» Task directions: Filter the material below down to the lines with the word "Women" and give those lines.

........

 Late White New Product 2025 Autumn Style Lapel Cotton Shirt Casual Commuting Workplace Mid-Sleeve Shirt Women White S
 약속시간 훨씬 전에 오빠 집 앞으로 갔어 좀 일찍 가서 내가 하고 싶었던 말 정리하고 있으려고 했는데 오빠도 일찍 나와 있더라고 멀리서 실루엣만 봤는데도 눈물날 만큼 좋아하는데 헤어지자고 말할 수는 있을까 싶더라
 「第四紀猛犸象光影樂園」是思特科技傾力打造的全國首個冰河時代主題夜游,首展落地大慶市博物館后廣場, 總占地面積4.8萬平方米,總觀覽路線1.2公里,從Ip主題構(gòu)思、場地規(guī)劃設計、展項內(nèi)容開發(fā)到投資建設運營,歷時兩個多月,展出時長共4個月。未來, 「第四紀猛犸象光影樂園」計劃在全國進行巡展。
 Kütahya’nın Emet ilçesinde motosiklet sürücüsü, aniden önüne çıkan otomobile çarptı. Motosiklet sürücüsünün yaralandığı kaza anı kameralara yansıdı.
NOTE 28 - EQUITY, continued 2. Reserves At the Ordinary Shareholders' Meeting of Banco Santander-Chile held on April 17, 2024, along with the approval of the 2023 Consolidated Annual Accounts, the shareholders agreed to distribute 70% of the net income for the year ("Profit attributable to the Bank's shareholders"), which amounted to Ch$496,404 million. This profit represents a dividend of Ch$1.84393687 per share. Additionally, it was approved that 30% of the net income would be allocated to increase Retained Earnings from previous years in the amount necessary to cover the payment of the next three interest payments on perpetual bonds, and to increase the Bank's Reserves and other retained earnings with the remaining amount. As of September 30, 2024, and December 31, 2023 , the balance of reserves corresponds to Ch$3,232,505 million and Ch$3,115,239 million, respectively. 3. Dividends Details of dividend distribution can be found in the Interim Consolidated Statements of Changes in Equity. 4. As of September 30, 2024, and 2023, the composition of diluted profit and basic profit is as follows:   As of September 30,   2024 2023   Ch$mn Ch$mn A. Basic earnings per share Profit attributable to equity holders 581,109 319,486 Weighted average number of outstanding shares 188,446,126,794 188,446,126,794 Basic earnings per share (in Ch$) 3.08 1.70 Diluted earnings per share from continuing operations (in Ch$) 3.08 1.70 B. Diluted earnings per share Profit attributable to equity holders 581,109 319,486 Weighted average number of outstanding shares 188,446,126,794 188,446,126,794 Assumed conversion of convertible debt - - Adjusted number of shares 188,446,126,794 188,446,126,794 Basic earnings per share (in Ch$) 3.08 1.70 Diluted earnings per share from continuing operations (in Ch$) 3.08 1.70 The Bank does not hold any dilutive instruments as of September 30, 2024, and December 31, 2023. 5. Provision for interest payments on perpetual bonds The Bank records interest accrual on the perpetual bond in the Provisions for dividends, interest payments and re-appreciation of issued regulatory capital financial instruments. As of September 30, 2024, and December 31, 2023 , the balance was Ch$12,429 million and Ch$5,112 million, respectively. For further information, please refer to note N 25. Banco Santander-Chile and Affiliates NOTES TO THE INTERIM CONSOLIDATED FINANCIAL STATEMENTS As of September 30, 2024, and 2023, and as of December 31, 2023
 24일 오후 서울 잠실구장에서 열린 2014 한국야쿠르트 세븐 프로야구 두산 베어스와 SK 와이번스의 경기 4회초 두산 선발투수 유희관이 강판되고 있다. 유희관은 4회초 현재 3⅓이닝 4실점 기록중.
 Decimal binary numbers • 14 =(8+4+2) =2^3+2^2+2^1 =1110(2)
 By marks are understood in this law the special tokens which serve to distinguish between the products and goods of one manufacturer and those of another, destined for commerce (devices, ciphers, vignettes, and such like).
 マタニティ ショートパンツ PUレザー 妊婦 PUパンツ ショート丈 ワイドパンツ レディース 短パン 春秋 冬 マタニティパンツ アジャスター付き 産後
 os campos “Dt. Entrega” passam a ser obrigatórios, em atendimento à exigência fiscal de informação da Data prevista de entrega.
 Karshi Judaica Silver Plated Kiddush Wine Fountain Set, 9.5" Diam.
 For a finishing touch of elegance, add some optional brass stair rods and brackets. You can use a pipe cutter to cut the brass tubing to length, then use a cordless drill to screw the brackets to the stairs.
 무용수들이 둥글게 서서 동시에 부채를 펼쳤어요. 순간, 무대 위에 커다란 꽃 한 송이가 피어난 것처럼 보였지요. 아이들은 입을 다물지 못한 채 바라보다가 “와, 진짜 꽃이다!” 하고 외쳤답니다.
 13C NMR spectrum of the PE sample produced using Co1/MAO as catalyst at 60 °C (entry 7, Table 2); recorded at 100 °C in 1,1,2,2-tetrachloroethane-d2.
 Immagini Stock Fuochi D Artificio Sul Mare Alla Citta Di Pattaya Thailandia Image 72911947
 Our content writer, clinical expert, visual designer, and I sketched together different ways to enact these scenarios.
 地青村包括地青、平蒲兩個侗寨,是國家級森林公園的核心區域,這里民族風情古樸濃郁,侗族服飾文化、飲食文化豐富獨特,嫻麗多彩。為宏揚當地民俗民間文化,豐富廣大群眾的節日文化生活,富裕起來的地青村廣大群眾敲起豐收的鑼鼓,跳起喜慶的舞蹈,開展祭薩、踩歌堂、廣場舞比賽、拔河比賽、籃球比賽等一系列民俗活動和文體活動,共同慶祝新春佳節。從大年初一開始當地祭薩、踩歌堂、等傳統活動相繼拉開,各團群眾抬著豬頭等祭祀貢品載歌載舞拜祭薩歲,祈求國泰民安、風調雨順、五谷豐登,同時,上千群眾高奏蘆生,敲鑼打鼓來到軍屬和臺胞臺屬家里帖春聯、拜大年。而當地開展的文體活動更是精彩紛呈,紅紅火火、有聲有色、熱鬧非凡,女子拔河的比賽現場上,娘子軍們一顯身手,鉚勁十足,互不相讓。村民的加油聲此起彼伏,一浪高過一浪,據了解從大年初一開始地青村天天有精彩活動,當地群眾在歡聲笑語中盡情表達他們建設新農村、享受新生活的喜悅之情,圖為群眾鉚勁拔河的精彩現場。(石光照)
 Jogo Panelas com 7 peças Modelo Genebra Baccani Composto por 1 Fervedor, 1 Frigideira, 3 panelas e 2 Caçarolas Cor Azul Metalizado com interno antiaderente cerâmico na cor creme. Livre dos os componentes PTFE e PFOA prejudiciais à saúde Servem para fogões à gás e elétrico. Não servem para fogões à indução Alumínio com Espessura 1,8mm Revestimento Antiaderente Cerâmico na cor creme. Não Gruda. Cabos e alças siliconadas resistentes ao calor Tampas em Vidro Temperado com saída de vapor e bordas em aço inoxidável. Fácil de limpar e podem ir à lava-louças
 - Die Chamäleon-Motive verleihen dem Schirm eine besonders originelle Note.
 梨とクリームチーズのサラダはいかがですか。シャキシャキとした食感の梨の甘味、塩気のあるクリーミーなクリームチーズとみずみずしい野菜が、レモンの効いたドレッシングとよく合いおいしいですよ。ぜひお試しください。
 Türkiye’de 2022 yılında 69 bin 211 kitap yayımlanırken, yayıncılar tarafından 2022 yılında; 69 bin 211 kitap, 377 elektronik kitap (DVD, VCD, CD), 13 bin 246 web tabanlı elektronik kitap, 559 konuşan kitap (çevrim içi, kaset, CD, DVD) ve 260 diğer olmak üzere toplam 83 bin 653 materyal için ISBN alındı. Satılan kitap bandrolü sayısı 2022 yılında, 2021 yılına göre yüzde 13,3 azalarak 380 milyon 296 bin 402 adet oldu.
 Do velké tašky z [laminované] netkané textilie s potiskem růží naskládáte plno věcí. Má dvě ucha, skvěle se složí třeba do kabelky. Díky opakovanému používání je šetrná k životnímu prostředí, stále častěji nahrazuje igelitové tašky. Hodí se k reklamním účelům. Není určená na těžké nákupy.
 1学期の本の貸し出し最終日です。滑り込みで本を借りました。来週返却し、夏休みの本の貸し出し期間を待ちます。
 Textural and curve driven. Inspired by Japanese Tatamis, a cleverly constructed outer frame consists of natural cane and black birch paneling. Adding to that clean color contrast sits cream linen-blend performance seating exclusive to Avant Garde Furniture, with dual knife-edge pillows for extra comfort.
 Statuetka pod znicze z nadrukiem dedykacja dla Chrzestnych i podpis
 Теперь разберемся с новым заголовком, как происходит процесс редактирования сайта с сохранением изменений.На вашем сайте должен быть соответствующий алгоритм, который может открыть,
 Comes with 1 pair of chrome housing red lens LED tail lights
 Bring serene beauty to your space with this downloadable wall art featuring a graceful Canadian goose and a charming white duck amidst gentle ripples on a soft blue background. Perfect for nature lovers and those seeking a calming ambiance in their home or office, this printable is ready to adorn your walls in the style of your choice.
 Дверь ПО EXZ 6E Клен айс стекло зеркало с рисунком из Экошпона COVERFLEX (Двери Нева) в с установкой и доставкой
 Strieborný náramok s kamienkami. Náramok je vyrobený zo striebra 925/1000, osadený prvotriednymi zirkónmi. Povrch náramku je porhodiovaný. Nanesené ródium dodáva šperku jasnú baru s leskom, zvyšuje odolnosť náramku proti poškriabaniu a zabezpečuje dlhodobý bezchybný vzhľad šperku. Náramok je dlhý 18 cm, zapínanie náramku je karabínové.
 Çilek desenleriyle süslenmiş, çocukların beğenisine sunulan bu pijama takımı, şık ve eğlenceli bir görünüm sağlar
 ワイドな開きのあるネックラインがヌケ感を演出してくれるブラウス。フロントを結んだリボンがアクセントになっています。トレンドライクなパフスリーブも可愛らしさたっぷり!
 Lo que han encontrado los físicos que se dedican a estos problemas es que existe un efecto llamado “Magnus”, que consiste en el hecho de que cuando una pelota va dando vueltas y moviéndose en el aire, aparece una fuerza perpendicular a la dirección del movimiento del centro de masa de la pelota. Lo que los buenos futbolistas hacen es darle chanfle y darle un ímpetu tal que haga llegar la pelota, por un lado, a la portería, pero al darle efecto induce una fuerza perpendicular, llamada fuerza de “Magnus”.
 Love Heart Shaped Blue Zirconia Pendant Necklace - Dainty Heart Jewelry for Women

........

» Solution for this problem:
 Late White New Product 2025 Autumn Style Lapel Cotton Shirt Casual Commuting Workplace Mid-Sleeve Shirt Women White S
 Love Heart Shaped Blue Zirconia Pendant Necklace - Dainty Heart Jewelry for Women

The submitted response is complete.